I started my Meyer Lemon PEE a couple days ago. I used the slurry from my 1G Scuppernong wine, nothing. I took the slurry when I still have 5 brix remaining on the scuppernong. Added additional yeast last night and still nothing. I'll wait for a day or two. 

Just curious, you think the yeast variety could be the difference between successful SP ferment and not. Right now, I've tried 71B. 

John


----------



## Minnesotamaker (Dec 19, 2010)

Are you making this with fresh lemon juice? Fresh juice often has more problems fermenting than bottled juice with preservatives in it does.


----------



## Sparky (Dec 19, 2010)

Fresh from the garden. It's a 3 gallon batch. A couple hours ago, I check the temperature and it read 70. I'm trying to raise the tempature to 75 and see if that improves things. 

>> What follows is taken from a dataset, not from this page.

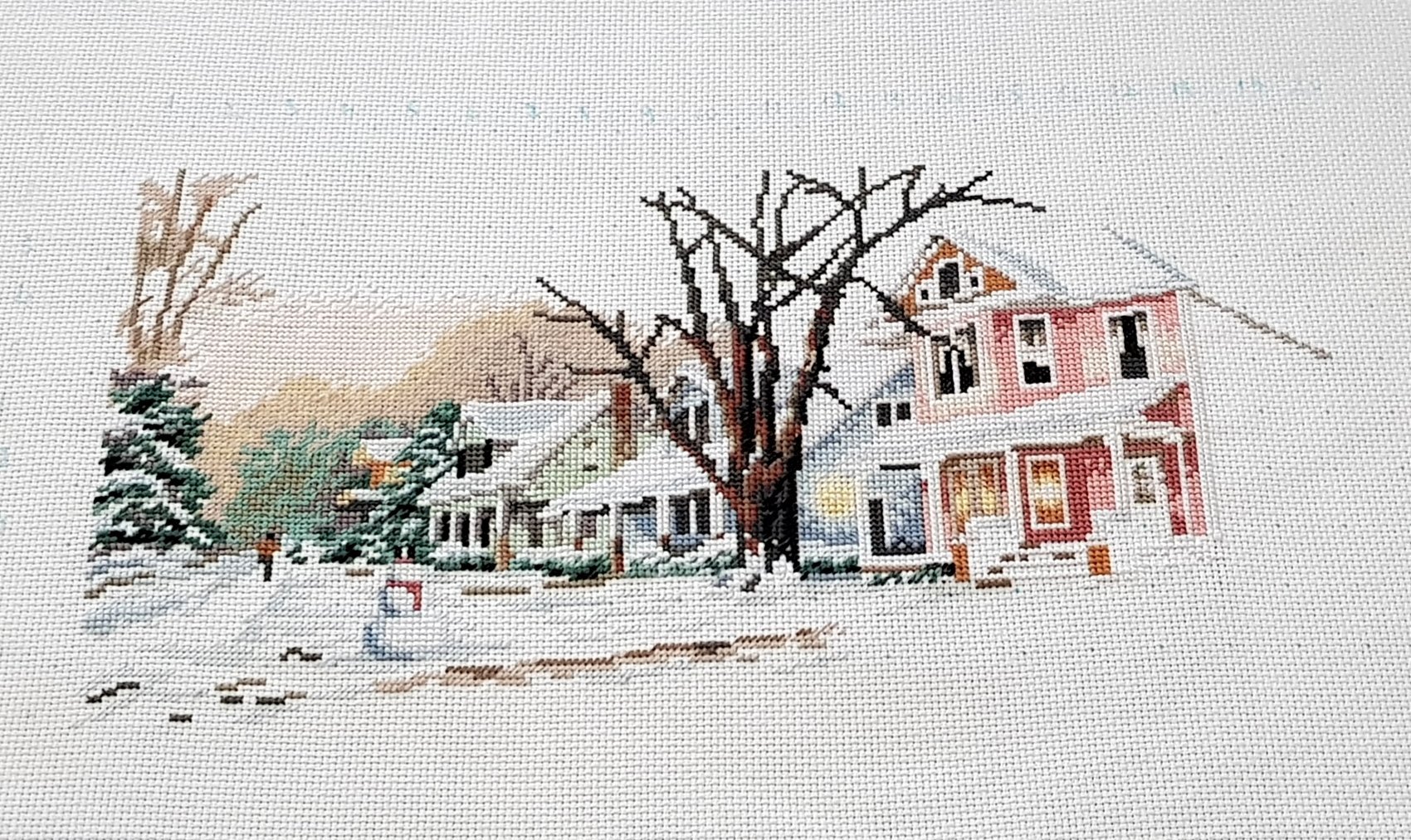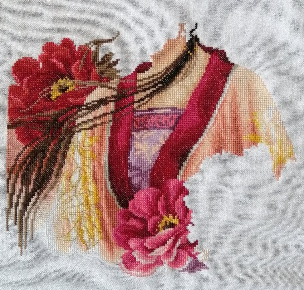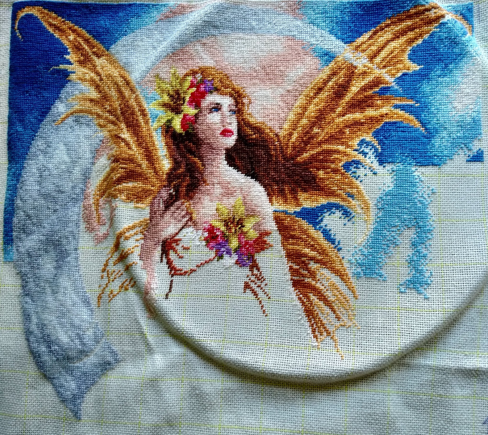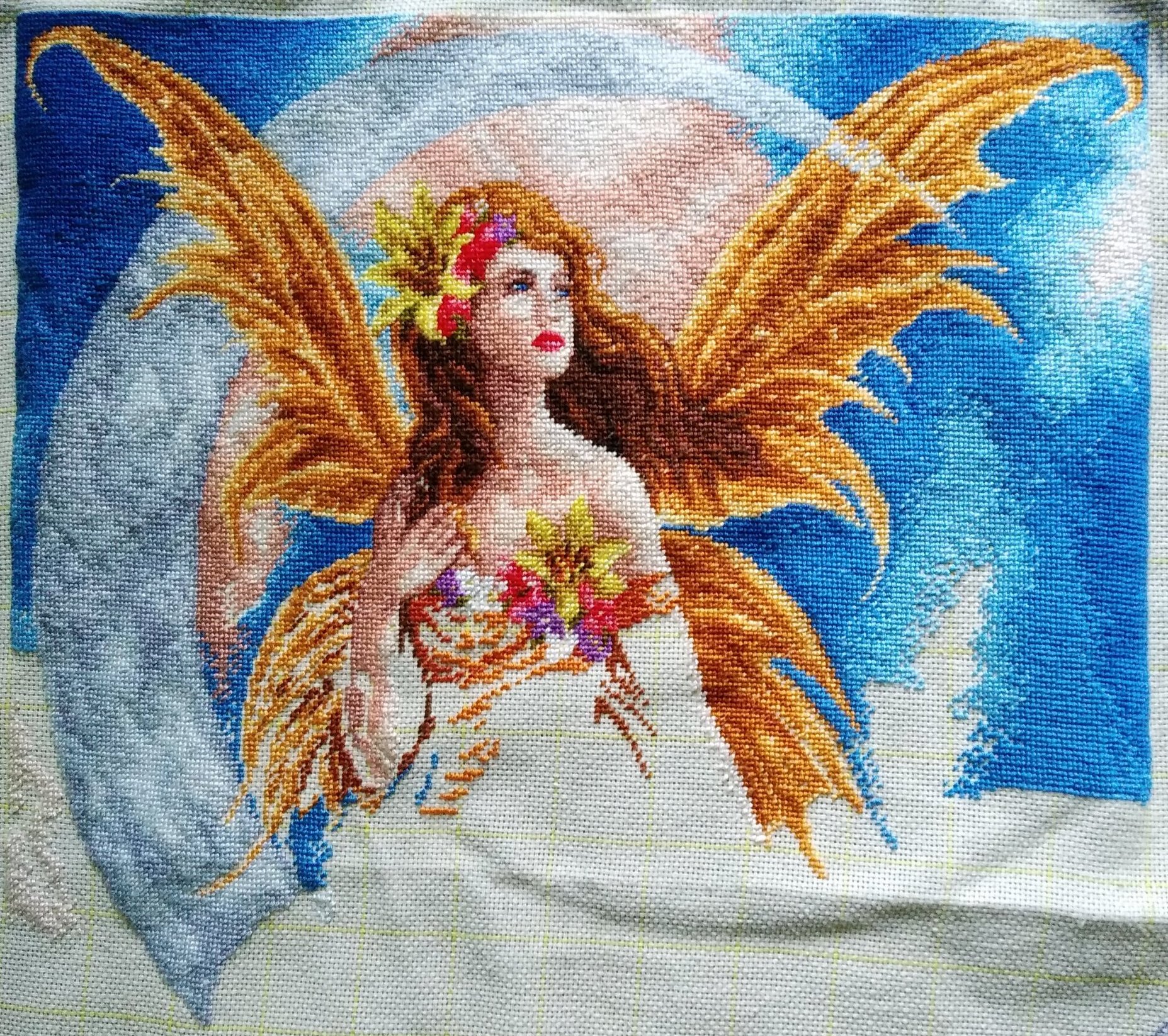 Освен това панамата, която е към гоблена е от старите, които е трябвало да се тропосват по краищата, за да не се разнищват и аз купих нова (тя е доста твърда, но по-лесно се виждат дупчиците, където трябва да се промуши иглата). Предполагам че тя би била по-удобна?
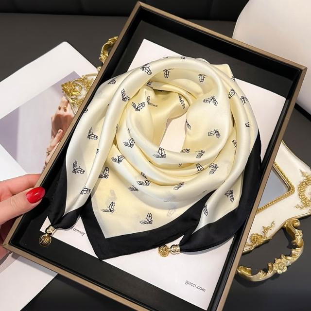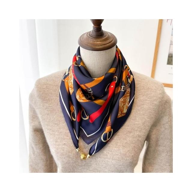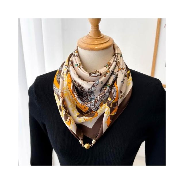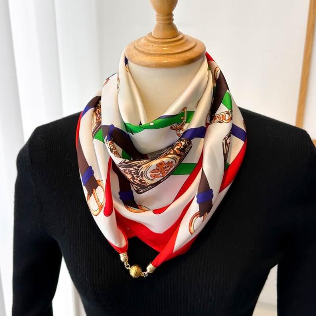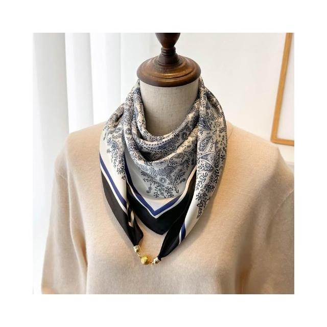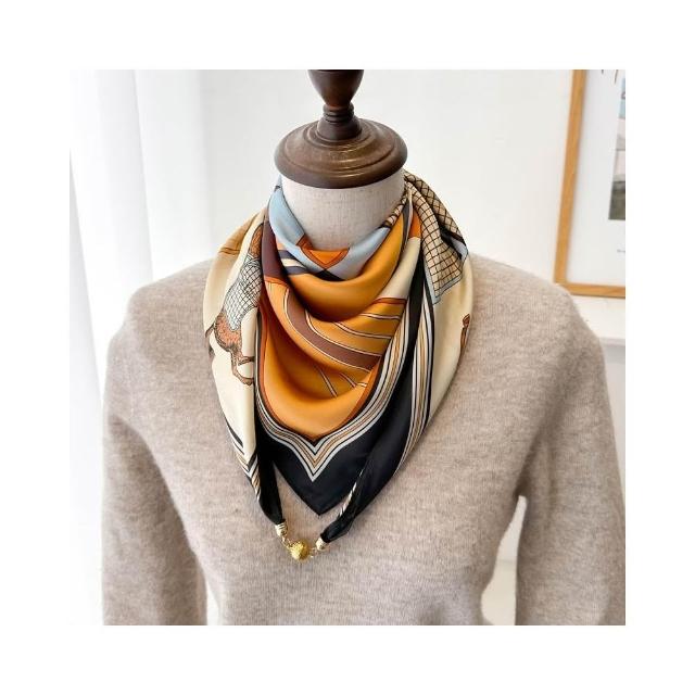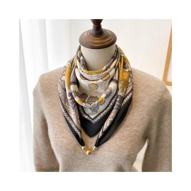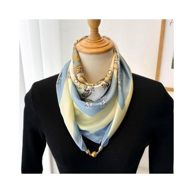 梵花 磁吸扣三角小方巾絲巾女春秋夏季護頸防曬脖子薄紗巾圍巾70x70

Usually temperature isn't a problem down in Houston but this isn't your ordinary wine. It's a little more sensitive that anything I've tried to date.

John


----------



## Wade E (Dec 19, 2010)

Try pulling some of this must and some slurry from the bottom if you can and dilute it down some with water to lower the acid down and see if that sample gets going and then slowly start adding more of the higher acid must!


----------



## Sparky (Dec 19, 2010)

Woke this morning and there is some very slight activity. 
Just stole some slurry and diluted it with some warm water and dash of sugar. 

Let's see what happens. Thanks for the advice.


----------



## Sparky (Dec 20, 2010)

I'm not sure what did it but SP is very active.  


jk


----------



## Wade E (Dec 20, 2010)

Probaqbly just a higher S02 level that made it slag behind.


----------